Without Incandescent Lights, Energy Use Will Not Decline

My comment to The Wall Street Journal article, "New Flare-Up in Light-Bulb Wars" by Ryan Tracy and Stephanie Gleason:
Energy use in the US, per person, is at the same level it was 40 years ago, despite government mandates for energy efficient appliance, such as refrigerators, dishwashers, air conditioners, etc. Many appliances today use about half the electricity they did 40 years ago, yet we use more energy per person today.

Economists recognize this as the Jevons Effect or Jevons Paradox, which was first noted in the 1800s. When an apparatus becomes more efficient, it becomes cheaper to use. When something is cheaper, we tend to use more of it.

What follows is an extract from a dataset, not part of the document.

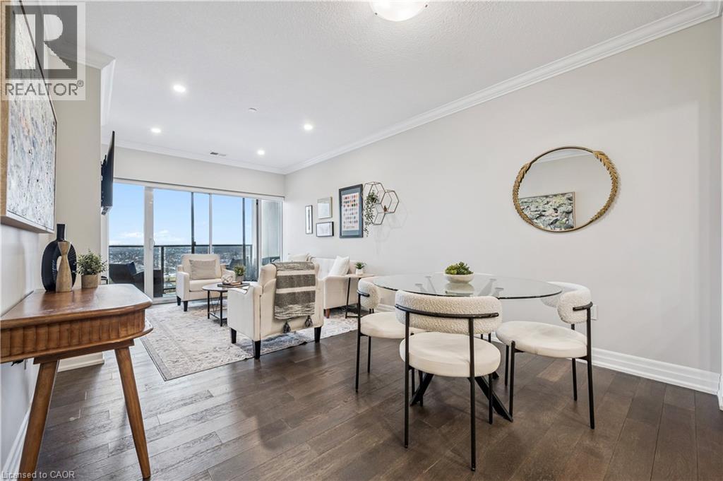 Welcome to this stunning 2 Bedroom + Den, 2-bathroom condo at 1880 Gordon Street, a bright and beautifully designed suite in Guelph's sought-after Gordon Square community. This sophisticated unit features an open-concept layout with a generous living and dining area, a modern kitchen with quartz countertops, a large island and stylish cabinetry, and floor-to-ceiling windows that flood the space with natural light while showcasing tranquil views of green space and the city. The primary bedroom retreat offers a walk-in closet and private 3-piece ensuite, while the second bedroom, versatile den and additional 4-piece bathroom provide flexibility for family or guests. The den is ideal for added living space, storage or a home office. Enjoy a spacious in-suite laundry room with ample storage, along with a private balcony perfect for morning coffee or evening sunsets. Residents have access to premium amenities including a fitness centre, golf simulator, games and party room, guest suite, and more. This unit also includes one underground parking space and an owned locker. Perfectly located in Guelph's vibrant south end close to shopping, restaurants, entertainment and commuter routes, Unit 809 delivers comfort, style and convenience. Book your private showing today! (70195488)

Households will use more light than before the mandate to switch away from incandescent bulbs because light will be cheaper to use. When households switched from candles and oil based lamps, which were expensive, to gas and electric lights, which were relatively cheaper, more lighting was used in the home.

Mandating energy conservation in a product does not reduce energy use. Households respond to the energy cost savings by using more of the same item or by using the left over household funds for energy for other energy using apparatuses.

Governmental mandates almost never achieve their intended results.

The same logic applies to autos. Increasing mpg, lowers the cost of auto travel per mile, which increases the distance people are willing to travel by car. Despite mpg increases, gasoline consumption (excluding the current economic downturn) does not go down. The trade-off is less safe, smaller cars without any total gasoline consumption benefit.

There are only two ways to reduce the use of energy or some other item; raise its price or limit its availability. Energy efficiency never reduces energy use.

Removing a choice is about control and elitism. It is not about doing good for the US, the environment or the household because it will never achieve its stated goal.